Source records
______

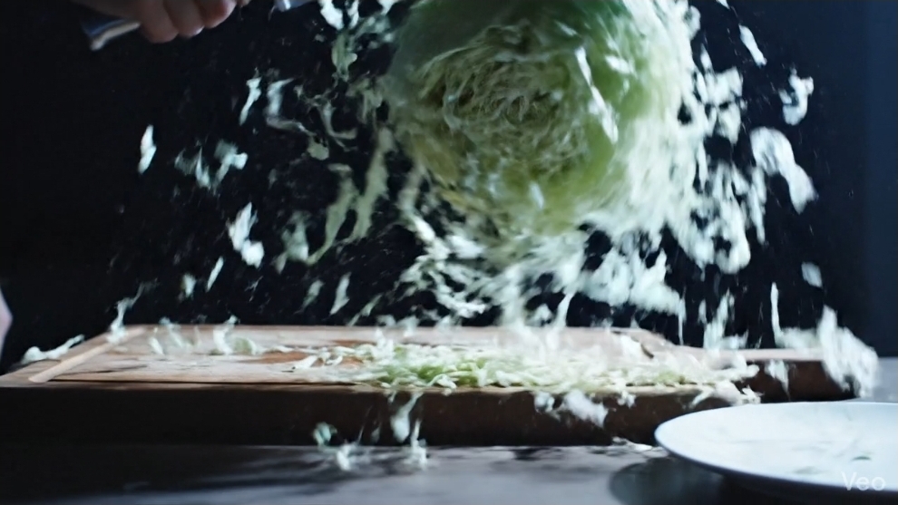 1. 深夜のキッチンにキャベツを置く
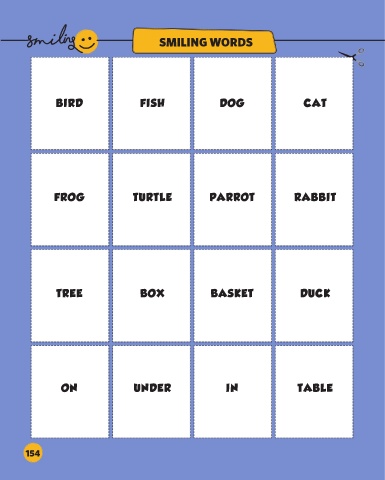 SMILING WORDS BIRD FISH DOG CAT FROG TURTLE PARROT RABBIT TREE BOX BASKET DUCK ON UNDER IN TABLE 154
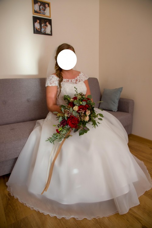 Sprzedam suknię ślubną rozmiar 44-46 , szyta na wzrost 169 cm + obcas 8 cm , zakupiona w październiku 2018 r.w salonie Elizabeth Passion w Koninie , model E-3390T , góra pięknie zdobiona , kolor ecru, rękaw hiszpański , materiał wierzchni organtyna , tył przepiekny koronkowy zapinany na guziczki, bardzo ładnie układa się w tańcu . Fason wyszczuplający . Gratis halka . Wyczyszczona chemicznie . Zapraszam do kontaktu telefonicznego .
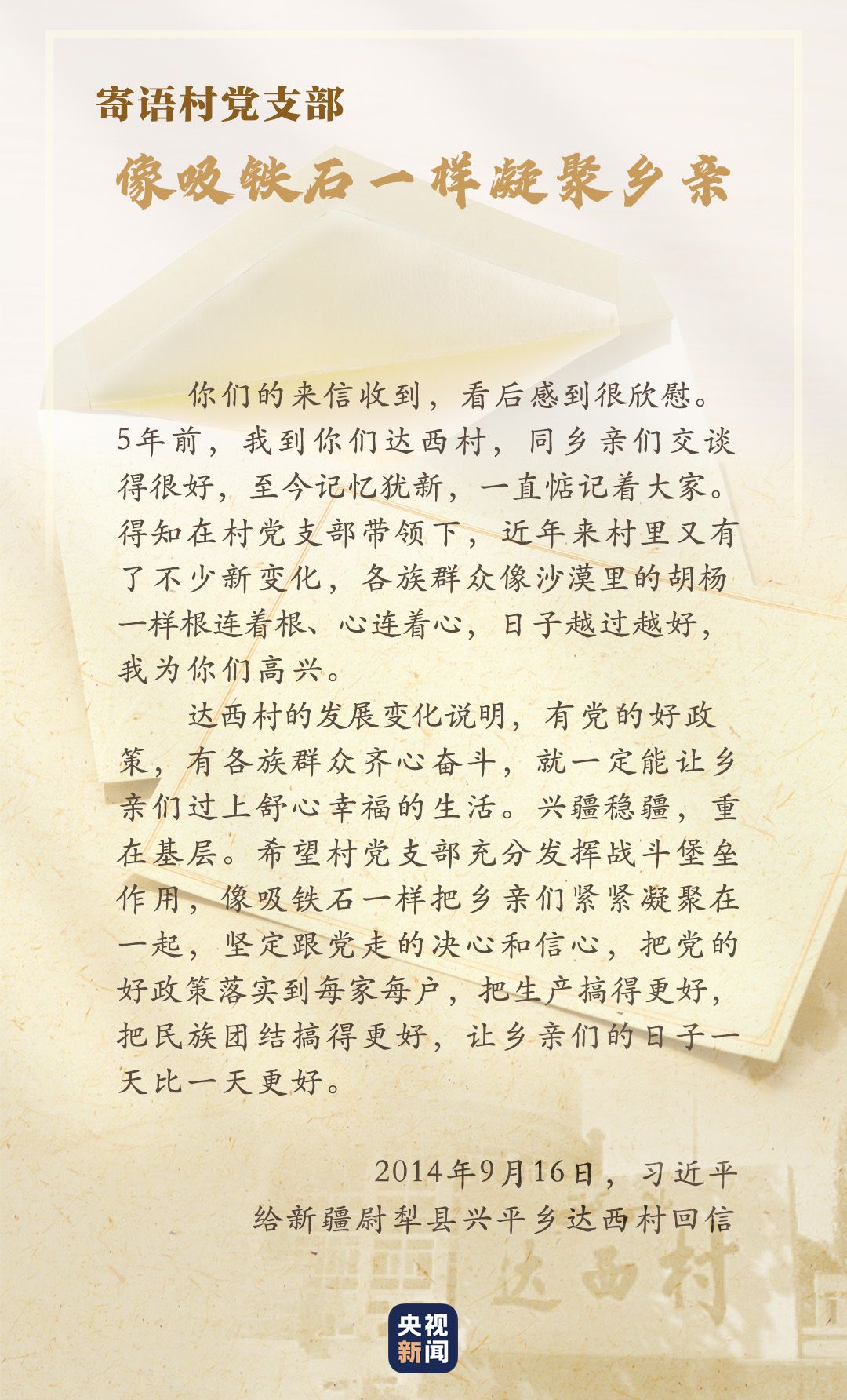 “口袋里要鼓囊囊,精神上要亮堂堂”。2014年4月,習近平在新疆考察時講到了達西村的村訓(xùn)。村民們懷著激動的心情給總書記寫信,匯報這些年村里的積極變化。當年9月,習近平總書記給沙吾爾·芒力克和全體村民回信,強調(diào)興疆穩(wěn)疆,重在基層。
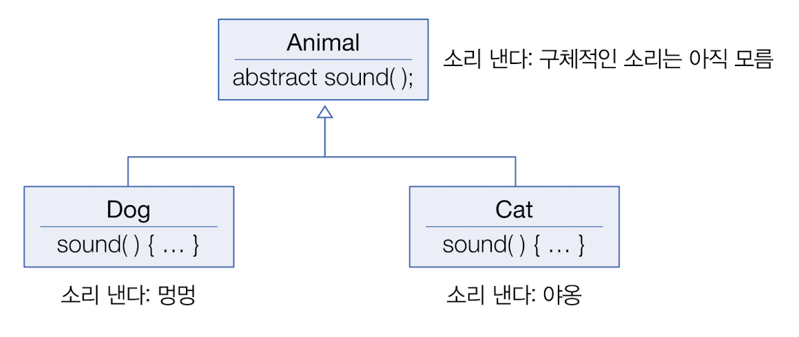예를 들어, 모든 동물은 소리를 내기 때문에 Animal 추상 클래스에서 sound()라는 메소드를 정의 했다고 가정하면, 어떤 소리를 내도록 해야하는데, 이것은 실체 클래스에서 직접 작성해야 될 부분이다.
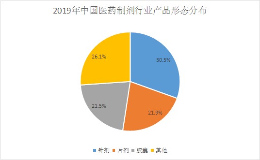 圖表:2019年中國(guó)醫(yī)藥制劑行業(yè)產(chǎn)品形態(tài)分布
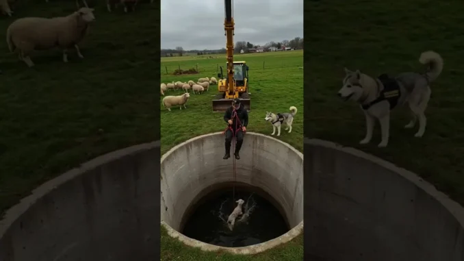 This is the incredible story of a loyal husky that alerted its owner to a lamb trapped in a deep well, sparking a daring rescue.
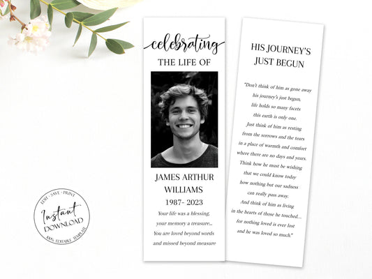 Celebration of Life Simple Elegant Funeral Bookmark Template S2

______

■ **Exercise description**: What is needed is a word-for-word copy of the lines from the one containing "SMILING WORDS BIRD" through the final line of the records above, both included, with the pictures left out.

■ **Exercise answer**:
 SMILING WORDS BIRD FISH DOG CAT FROG TURTLE PARROT RABBIT TREE BOX BASKET DUCK ON UNDER IN TABLE 154
 Sprzedam suknię ślubną rozmiar 44-46 , szyta na wzrost 169 cm + obcas 8 cm , zakupiona w październiku 2018 r.w salonie Elizabeth Passion w Koninie , model E-3390T , góra pięknie zdobiona , kolor ecru, rękaw hiszpański , materiał wierzchni organtyna , tył przepiekny koronkowy zapinany na guziczki, bardzo ładnie układa się w tańcu . Fason wyszczuplający . Gratis halka . Wyczyszczona chemicznie . Zapraszam do kontaktu telefonicznego .
 “口袋里要鼓囊囊,精神上要亮堂堂”。2014年4月,習近平在新疆考察時講到了達西村的村訓(xùn)。村民們懷著激動的心情給總書記寫信,匯報這些年村里的積極變化。當年9月,習近平總書記給沙吾爾·芒力克和全體村民回信,強調(diào)興疆穩(wěn)疆,重在基層。
예를 들어, 모든 동물은 소리를 내기 때문에 Animal 추상 클래스에서 sound()라는 메소드를 정의 했다고 가정하면, 어떤 소리를 내도록 해야하는데, 이것은 실체 클래스에서 직접 작성해야 될 부분이다.
 圖表:2019年中國(guó)醫(yī)藥制劑行業(yè)產(chǎn)品形態(tài)分布
 This is the incredible story of a loyal husky that alerted its owner to a lamb trapped in a deep well, sparking a daring rescue.
 Celebration of Life Simple Elegant Funeral Bookmark Template S2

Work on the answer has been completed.